**Supplied data:**
__________
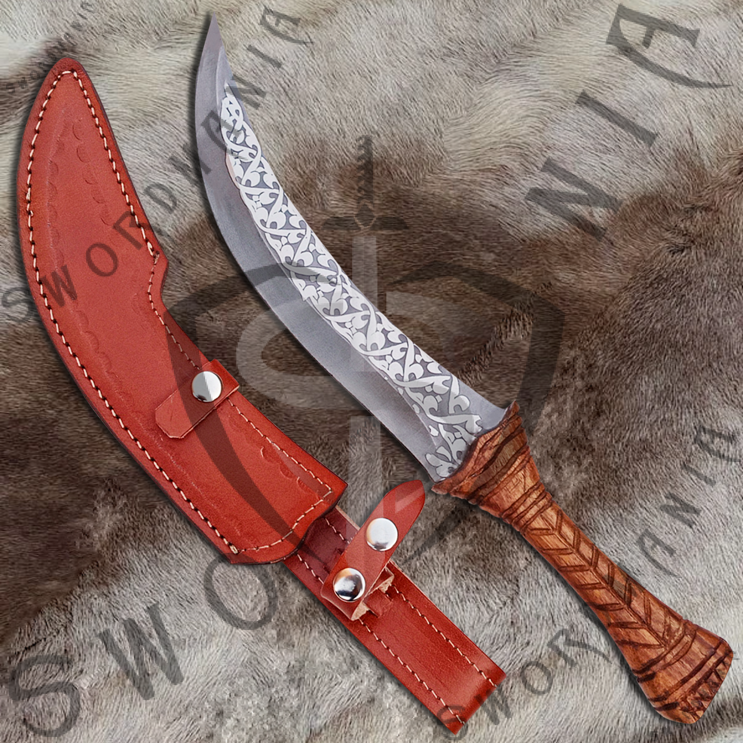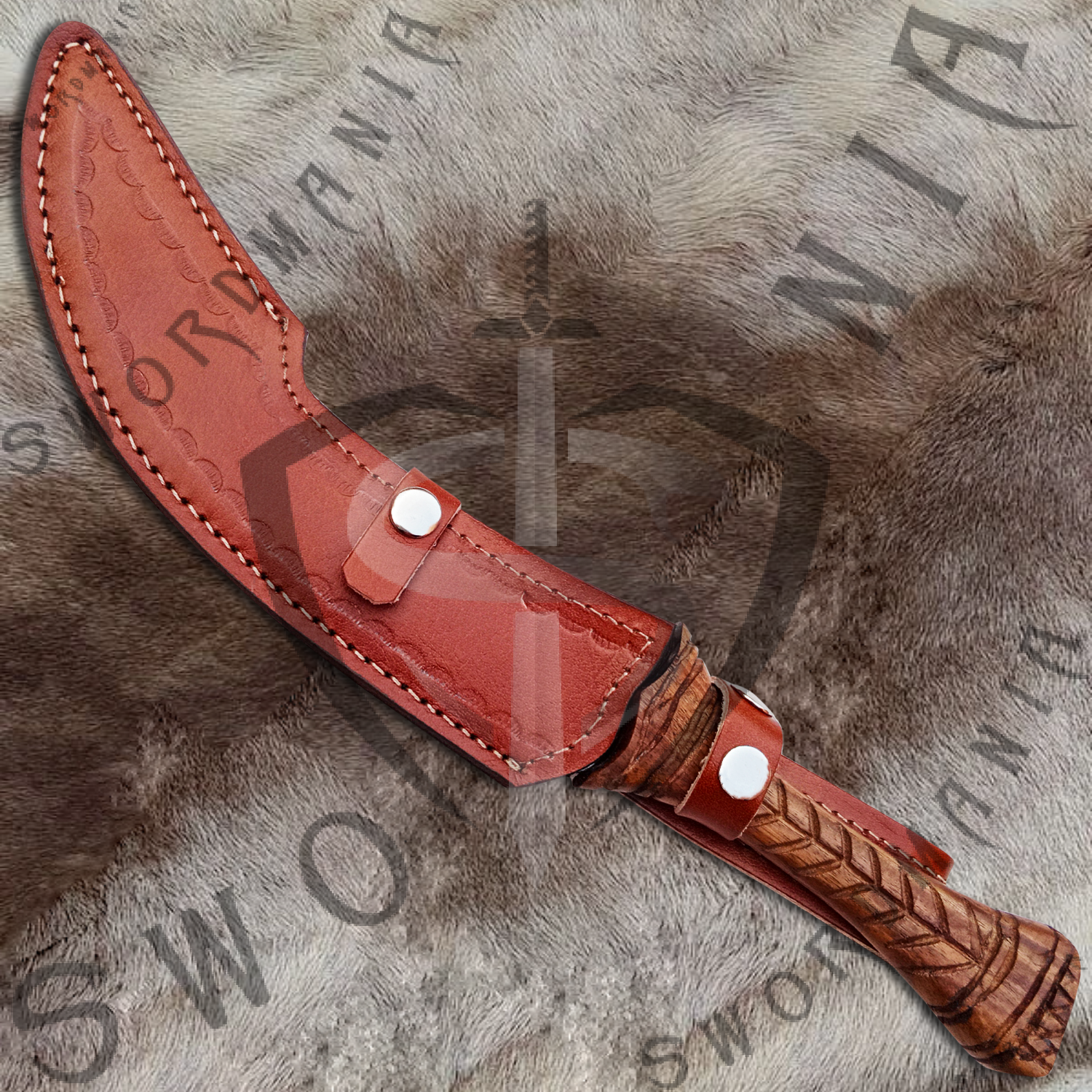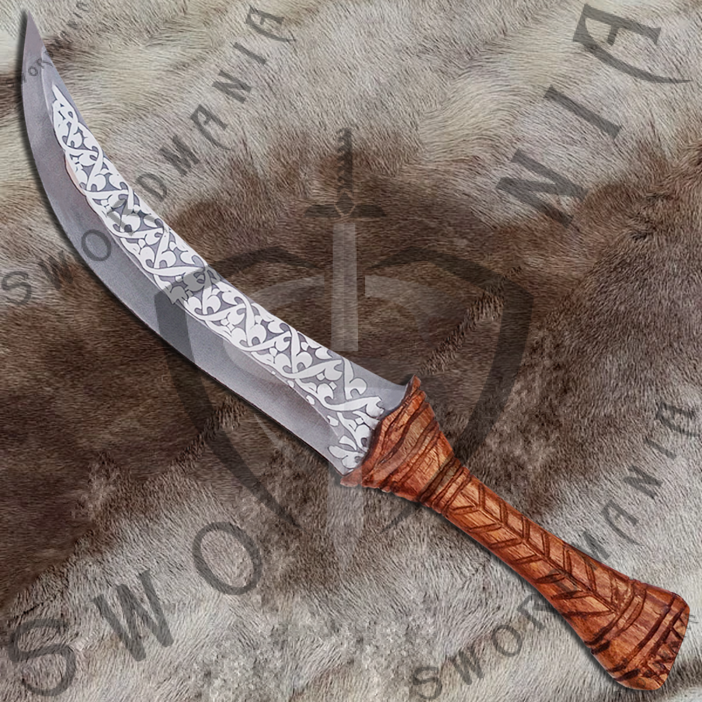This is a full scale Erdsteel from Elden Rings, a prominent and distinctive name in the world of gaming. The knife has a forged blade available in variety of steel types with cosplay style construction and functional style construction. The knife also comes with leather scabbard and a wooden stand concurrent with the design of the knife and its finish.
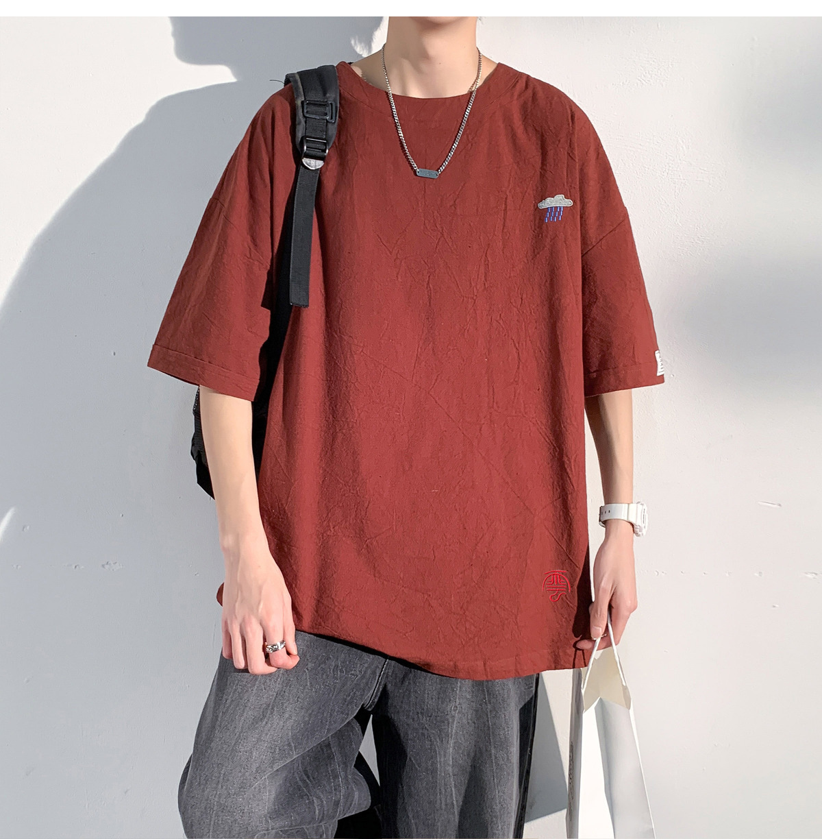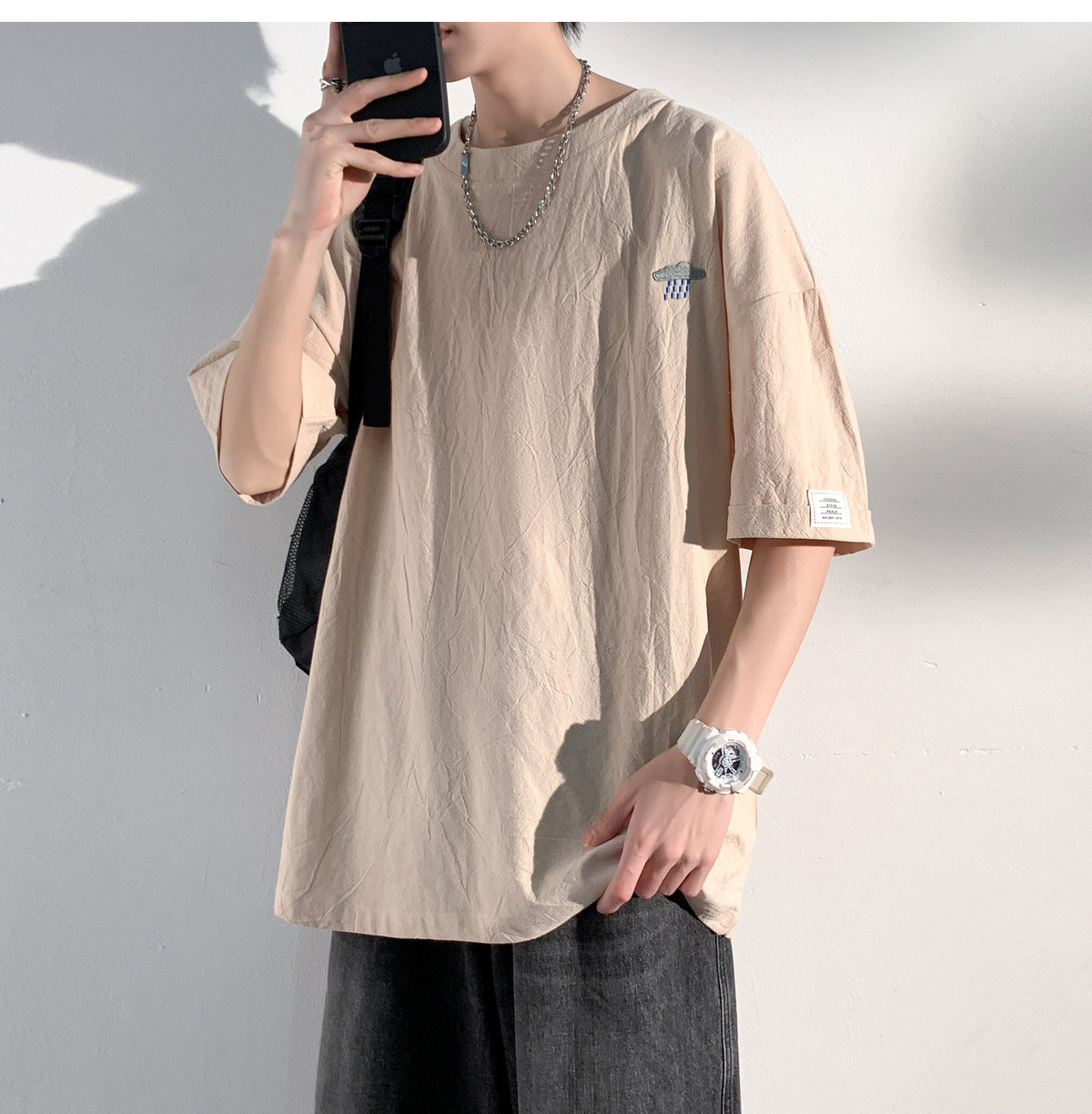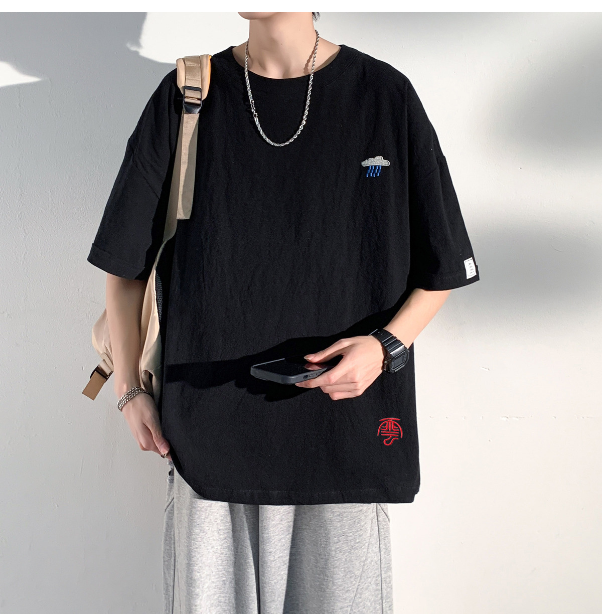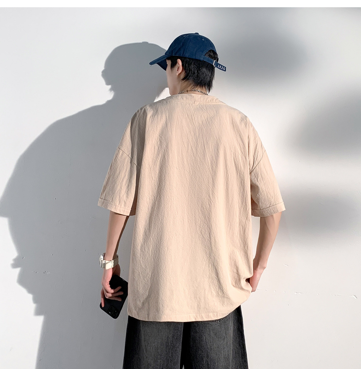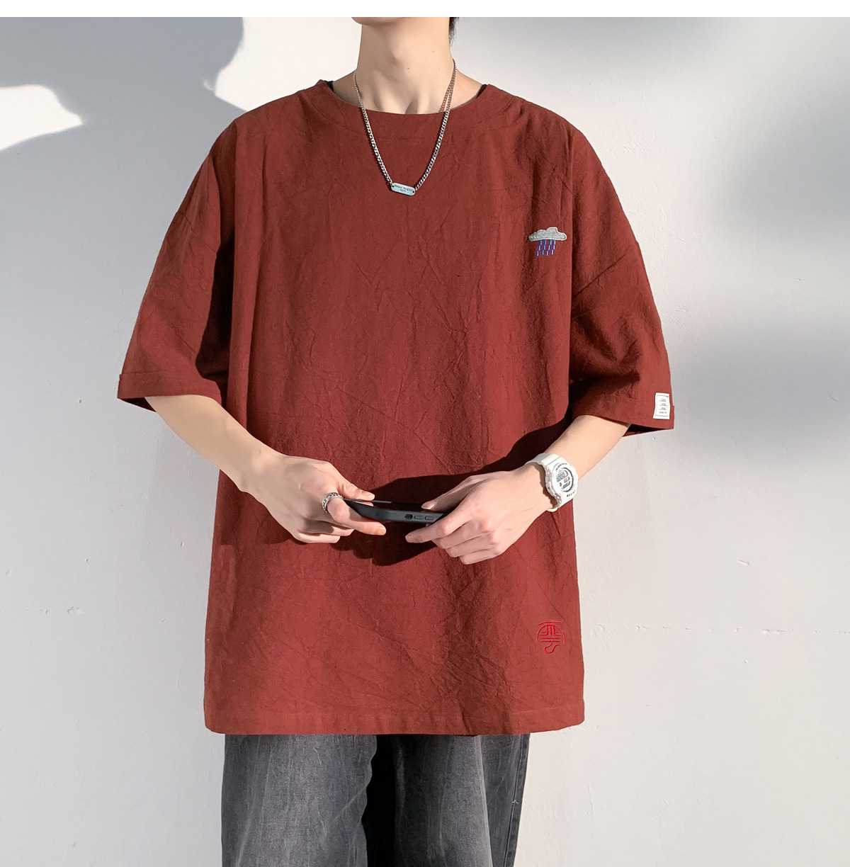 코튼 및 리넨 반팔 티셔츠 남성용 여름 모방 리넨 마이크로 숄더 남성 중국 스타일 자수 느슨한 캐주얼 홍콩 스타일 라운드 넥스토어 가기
__________
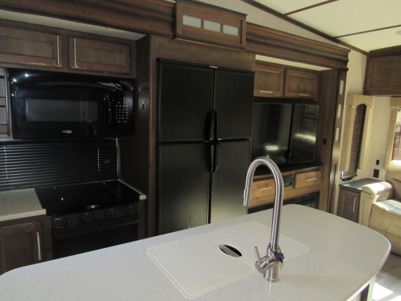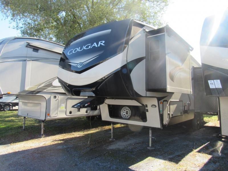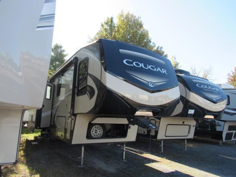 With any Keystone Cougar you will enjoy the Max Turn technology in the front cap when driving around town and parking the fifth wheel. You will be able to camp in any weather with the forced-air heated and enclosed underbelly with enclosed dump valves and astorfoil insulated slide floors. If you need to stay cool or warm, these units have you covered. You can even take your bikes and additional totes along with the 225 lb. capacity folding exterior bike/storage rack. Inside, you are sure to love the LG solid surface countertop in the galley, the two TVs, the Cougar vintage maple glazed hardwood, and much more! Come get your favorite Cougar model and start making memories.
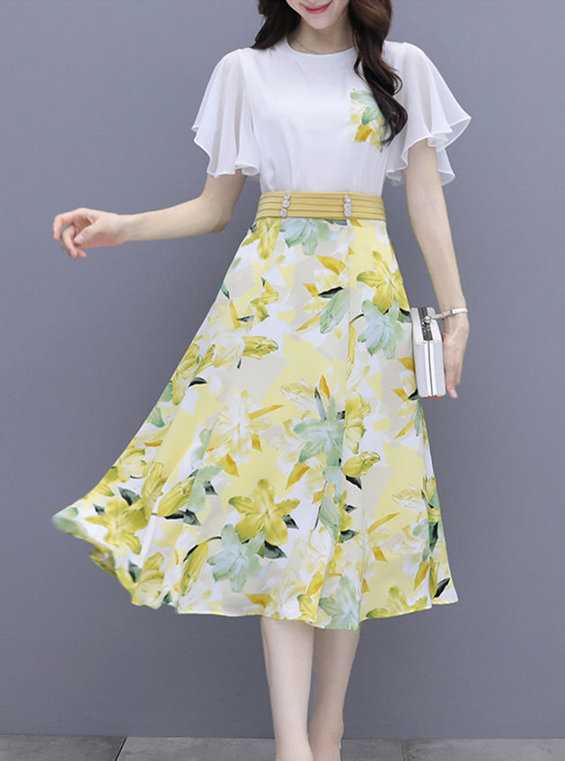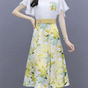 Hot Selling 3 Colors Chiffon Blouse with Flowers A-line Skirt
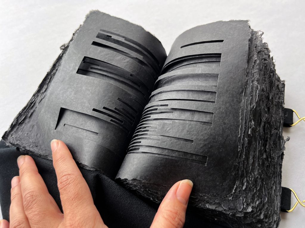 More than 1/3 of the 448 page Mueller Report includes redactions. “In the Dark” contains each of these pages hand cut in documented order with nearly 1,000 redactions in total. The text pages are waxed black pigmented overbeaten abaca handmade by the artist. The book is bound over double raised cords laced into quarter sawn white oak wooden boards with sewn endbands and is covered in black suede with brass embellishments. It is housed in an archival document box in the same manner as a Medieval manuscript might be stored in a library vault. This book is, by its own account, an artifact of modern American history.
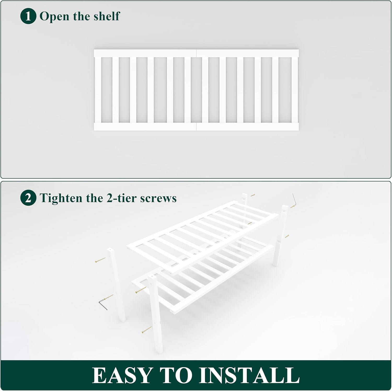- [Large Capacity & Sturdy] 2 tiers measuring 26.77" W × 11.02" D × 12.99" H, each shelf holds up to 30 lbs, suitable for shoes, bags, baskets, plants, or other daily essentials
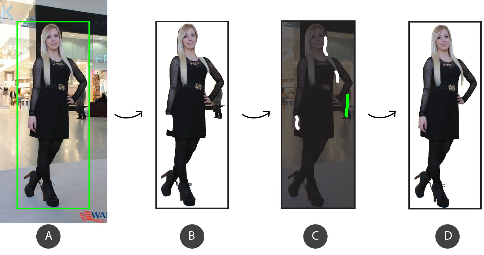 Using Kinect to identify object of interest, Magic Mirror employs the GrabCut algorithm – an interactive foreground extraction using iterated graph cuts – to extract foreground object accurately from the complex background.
__________
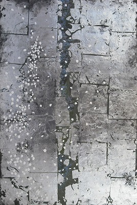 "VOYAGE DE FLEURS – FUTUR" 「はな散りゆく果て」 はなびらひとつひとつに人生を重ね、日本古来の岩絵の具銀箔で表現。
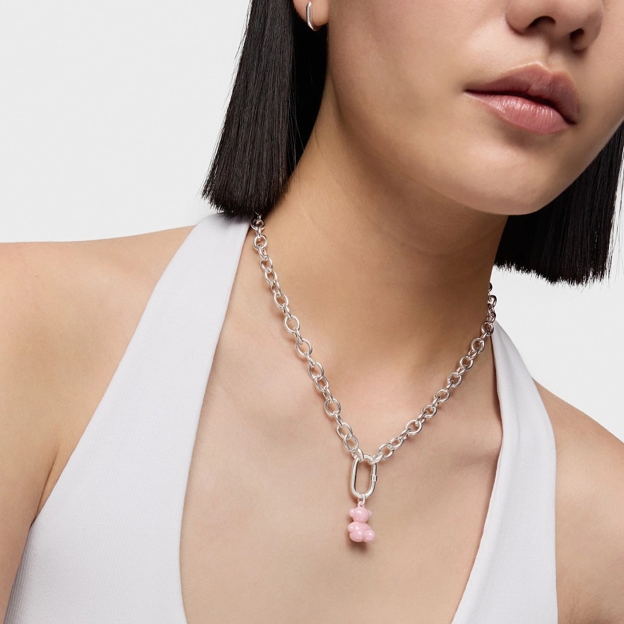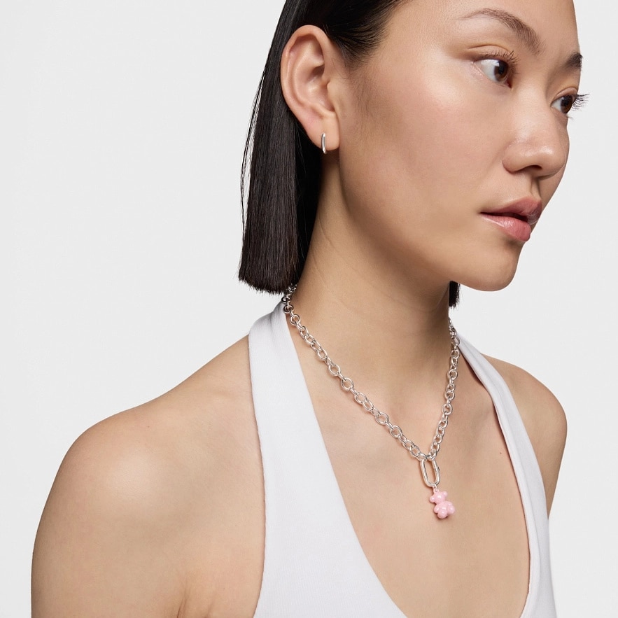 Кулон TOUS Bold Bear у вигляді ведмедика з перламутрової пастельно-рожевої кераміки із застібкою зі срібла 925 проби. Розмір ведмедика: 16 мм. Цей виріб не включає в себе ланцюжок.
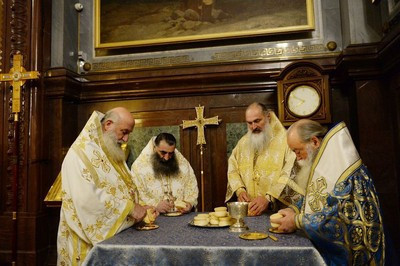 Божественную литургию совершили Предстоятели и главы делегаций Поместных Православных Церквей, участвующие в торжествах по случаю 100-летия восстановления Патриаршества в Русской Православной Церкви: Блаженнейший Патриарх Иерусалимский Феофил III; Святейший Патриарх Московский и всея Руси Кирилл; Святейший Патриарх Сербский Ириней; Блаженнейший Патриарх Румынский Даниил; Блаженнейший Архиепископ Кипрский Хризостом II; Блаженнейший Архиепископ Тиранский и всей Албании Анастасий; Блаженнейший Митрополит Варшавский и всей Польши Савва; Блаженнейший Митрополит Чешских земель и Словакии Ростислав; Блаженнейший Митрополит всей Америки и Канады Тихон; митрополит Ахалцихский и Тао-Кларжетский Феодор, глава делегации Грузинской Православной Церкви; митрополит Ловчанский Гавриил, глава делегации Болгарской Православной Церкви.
__________
**Task brief:** To complete this exercise, transcribe exactly the lines above from the one that holds "This is a full" through the one that holds "코튼 및 리넨 반팔 티셔츠". Pictures stay out.

**Expected answer:**
This is a full scale Erdsteel from Elden Rings, a prominent and distinctive name in the world of gaming. The knife has a forged blade available in variety of steel types with cosplay style construction and functional style construction. The knife also comes with leather scabbard and a wooden stand concurrent with the design of the knife and its finish.
 코튼 및 리넨 반팔 티셔츠 남성용 여름 모방 리넨 마이크로 숄더 남성 중국 스타일 자수 느슨한 캐주얼 홍콩 스타일 라운드 넥스토어 가기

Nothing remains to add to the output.